The observed high NPV supports the potential of CP-GEP to safely reduce unnecessary SLNB in selected patients, particularly those with lower tumor burden and favorable molecular profiles. Given the morbidity and costs associated with SLNB, integrating CP-GEP into clinical pathways could enhance personalized care and resource utilization.
However, the test did not eliminate SLN positivity in the low-risk group entirely (7.1%), reflecting an inherent trade-off between sensitivity and specificity. Clinicians must weigh the risk of missing nodal metastases against surgical risks and patient preferences. Additional outcome data regarding prognosis post-negative SLNB with CP-GEP stratification, not yet reported, will provide further insight into long-term safety.
Limitations include the applicability primarily to T1-T3 tumors and the need for broader validation across diverse populations. Cost-effectiveness analyses and integration into existing clinical decision frameworks remain future challenges.
Conclusion
The MERLIN_001 study robustly validates a combined clinicopathological and gene expression profile test to predict sentinel lymph node metastasis risk in cutaneous melanoma patients. With a high negative predictive value and consistent performance across tumor features and patient demographics, CP-GEP testing offers a valuable tool to refine SLNB decision-making. In appropriately selected patients, this approach supports a more individualized, less invasive management strategy, facilitating shared decision-making between surgeons and patients while potentially minimizing surgical morbidity.

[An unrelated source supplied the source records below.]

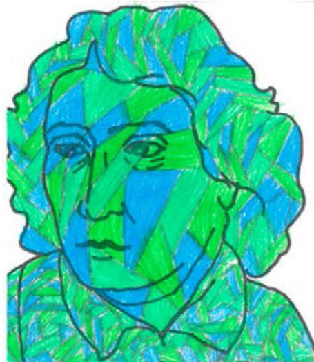
F. Prešeren – hladne barve Iona Ratajc Potrč, 5. a

Kultura zame pomeni, da se znaš lepo obnašati, da pozdravljaš, da uporabljaš besedi hvala in prosim, da se oblečeš priložnosti primerno, da znaš uporabljati knjižni jezik ter da obiskuješ kulturne prireditve.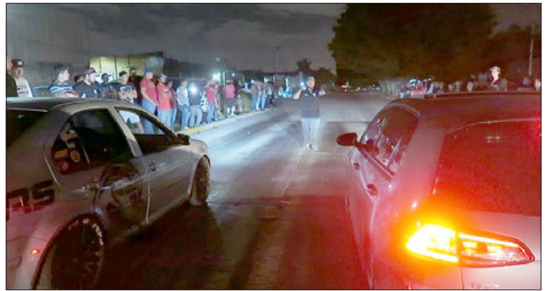
Vecinos han denunciado serie de carreras clandestinas en calle Tocornal. (Imagen referencial).

Finalmente, la alcaldesa Castillo manifestó que « nuestra comuna tiene que ser tranquila, amable y no arriesgando la vida, esto para nosotros es grave. No se puede correr a alta velocidad en ningún sector de la comuna. ».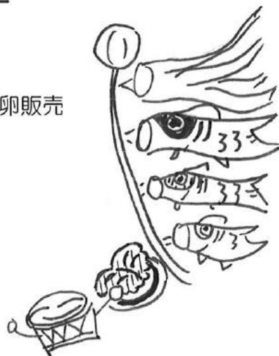
仲間も販売を担当しました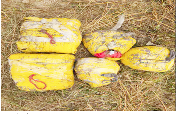
जब्त की गई हेरोइन।

अजनाला क्षेत्र के भिंडी औलख से बड़ी मात्रा में हेरोइन बरामद होने का मामला सामने आया है। गुप्त सूचना के आधार पर एंटी-नारकोटिक्स टास्क फोर्स, बॉर्डर रेंज ने सीमा सुरक्षा बल के सहयोग से एक सुनियोजित अभियान चलाया, जिसमें कुल 19.980 किलो हेरोइन को जब्त किया गया। इस कार्रवाई में चार आरोपियों को गिरफ्तार किया गया है, जिनमें मुख्य आपरेटर भी शामिल है, जो पूरे हेरोइन आपूर्ति नेटवर्क का संचालन कर रहा था। पुलिस अधिकारियों के अनुसार, प्रारंभिक जांच में पता चला है कि गिरफ्तार मुख्य आरोपी फाकिस्तान स्थित हेंडलरों से जुड़े हुए हैं। ये हेंडलर सीमा पार से हेरोइन की आपूर्ति करते थे और स्थानीय नेटवर्क के माध्यम से इसे राज्य में वितरित करावते थे। गिरफ्तार अन्य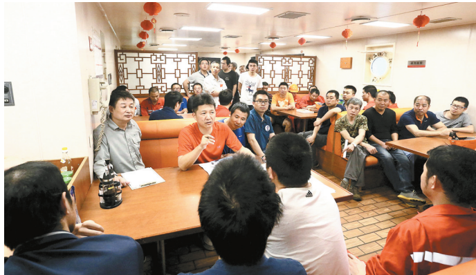
“雪龙”号船上开会部署防海盗行窃(3月1日摄)。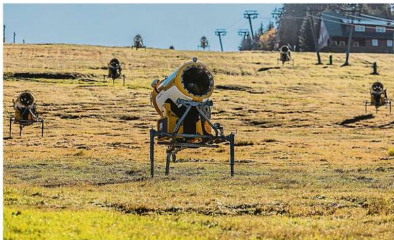
Vlekaři se připravují na sezonu. Zasněžovací technika je už na svazích i v Peci pod Sněžkou.

Problémem číslo jedna už nejsou obavy z vládních protiepidemických opatření, nýbrž extrémně vysoké ceny energií. Před pár týdny ohlášené zastropování cen elektřiny a plynu se vztahuje pouze na menší střediska. Největší skiareály, například Špindlerův Mlýn, zatím nemají žádnou státní podporu přislíbenou. Dal-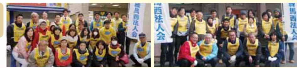
駅前清掃に参加した99名の皆さん

日時 30年12月8日(土) 場所 大泉学園・武蔵関・石神井公園・上石神井の4駅前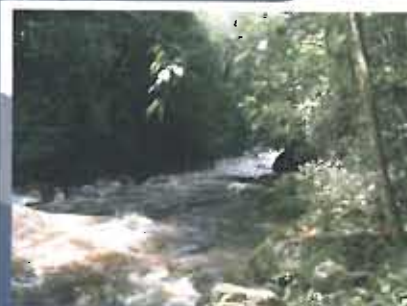
Ambeima River hydroelectric project.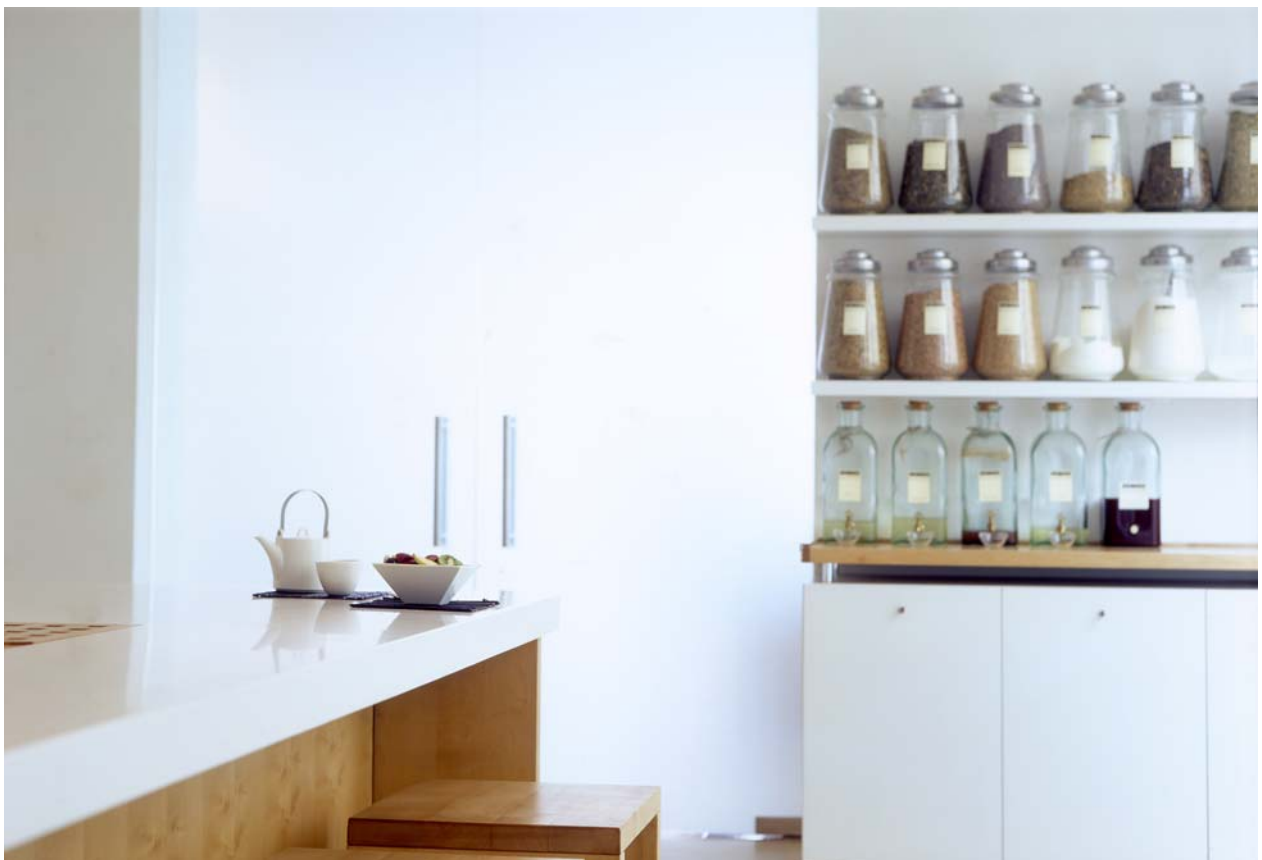
Spa Vorraum mit Rohstoffen

Ongoing research should focus on long-term outcomes, external validations, and health-economic impacts to fully establish CP-GEP’s role in standard melanoma care.
Funding and Clinical Trials
The MERLIN_001 study was conducted at multiple academic centers with funding sources not explicitly detailed in the reported article. The clinicaltrials.gov registration and detailed funding disclosures are pending publication.
References
Hieken TJ, Egger ME, Angeles CV, et al. Gene Expression Profile-Based Test to Predict Melanoma Sentinel Node Status: The MERLIN_001 Study. JAMA Surg. 2025 Oct 22:e254399. doi: 10.1001/jamasurg.2025.4399. Epub ahead of print. PMID: 41123931; PMCID: PMC12547680.